NUR-SULTAN – Similar to Confucianism, Kazakh poet and philosopher Abai Kunanbayev’s works should serve as the foundation of an ethical philosophy and program of social values for contemporary Kazakhs and people all over the world, said Gultas Kurmanbay, the director at Ruhani Zhangyru (Modernisation of Kazakhstan’s Identity) culture center and a Kazakh language and literature professor at Nazarbayev University, in an exclusive interview to The Astana Times.

Gultas Kurmanbai (C in grey jacket) with her students at Nazarbayev University. Photo credit: Gultas Kurmanbai archive.

“The ideas of Abai and Confucius are very similar. Confucius dreamed of making a perfect world [so did Abai]. He shared his wisdom and later countries like China, Singapore, Japan and Korea gave him nation-level status that you would accord a religion,” she said.

Kazakhstan can also concentrate on popularizing Abai and his works to enrich the social spirituality and values. Similar to Confucious, Abai also ponders the concepts of social justice, meritocracy, honesty, and a balanced life – ideas that can transcend nations and go global.

“In the contemporary world, it is wrong to consider Abai as only a Kazakh thinker or poet. Because a person who deeply researched Abai’s works can see [that Abai discusses] universal problems rather than ethnic one. Therefore, we call Abai a world phenomenon,” she said.

Gultas Kurmanbai.

Abai’s works are an inseparable part of Kazakh literature course syllabus. From primary school onwards, Kazakh students are required to memorize and analyze poems and excerpts from his Words of Wisdom. According to Kurmanbai, however, this is a failed approach when it comes to introducing Abai’s philosophy. Like any philosophical concepts – they are hard to grasp when one is forced to memorize them.

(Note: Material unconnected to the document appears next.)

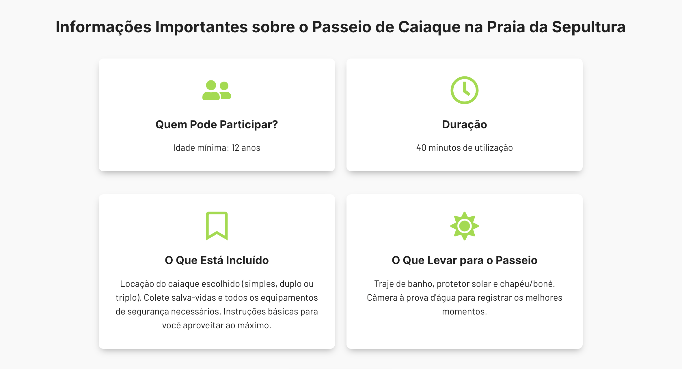 Aventura para Toda a Família: Com opções de caiaques para todos, desde o aventureiro solo até a família completa, garantimos diversão e segurança para todas as idades.

“I have personally written screenplays that explain the Words of Wisdom to my students. When they try to memorize them word by word, they will eventually forget the words. But if they try to reenact scenes and cases, they begin to remember it,” she said.

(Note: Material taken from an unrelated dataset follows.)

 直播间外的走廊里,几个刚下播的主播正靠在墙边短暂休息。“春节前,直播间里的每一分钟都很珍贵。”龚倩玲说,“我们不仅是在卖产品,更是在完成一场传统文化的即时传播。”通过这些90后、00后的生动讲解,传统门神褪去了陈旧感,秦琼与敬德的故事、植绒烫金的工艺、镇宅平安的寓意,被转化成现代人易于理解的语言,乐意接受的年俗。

The Kazakh education system, therefore, should introduce new, more interactive ways to help young minds to connect with Abai, she said. The classrooms should initiate big discussions, encouraging self research and analysis of Abai’s biography and state of mind.

“Abai’s poems are difficult, very difficult… Instead of his poems, the [pre-school and primary school] children should start with the easy-to-read anecdotes, fairy tales, legends and lullabies that narrate his life path,” she said.

Although all of these require a great deal of work and patience “we should invest into teaching children to love Abai. If Kazakhstan wants eternal life, then Abai should be eternal,” she said.

“Then, in fifth grade they can be introduced to Mukhtar Auezov’s ‘Abai’s Way’ novel. The material should be prepared taking into account the age of a child. We don’t have that system yet. That’s why children have an incomplete understanding of him. That’s why some children throw him away claiming that they do not understand him. It is because we failed to build a foundation for them,” she added.

Some young people also perceive the great thinker of his time as a critic and a social complainer. According to Kurmanbai, this is another sign that Kazakhstan has to change its approach to teaching Abai’s works.

“Abai was highly disappointed with Kazakh society,” she said. “But he never moved to another place… Later in life he wrote his Words of Wisdom out of love for his nation and because he wanted it to be added to the world’s great civilizations. He harshly criticized [Kazakh society for them to do better]. We cannot conclude that he did not love Kazakhs from what he wrote,” she explained.

Kurmanbai suggests a new strategy to popularize Abai’s school of thought on social media, to make him relevant and exciting to young people who may not be thinking-inclined.

“Everyone should know Abai’s happiness equation in his poem ‘Senbe zhurtka (Don’t believe what people say),’” she said. “I think a person who knows the three verses of the poem will never lose themselves and will grow stronger.”

According to her, the poem talks about how to deal with phony people, defend one’s dignity, sorrow, and encourages people to always trust in themselves and their abilities.

“…The person who learns to believe and trust one’s self is the one who will truly be happy. I teach my students that. Happiness is not abstract, but consists of many small actionable details. To collect this knowledge, you should read Abai. Abai can support you in any situation,” she concluded.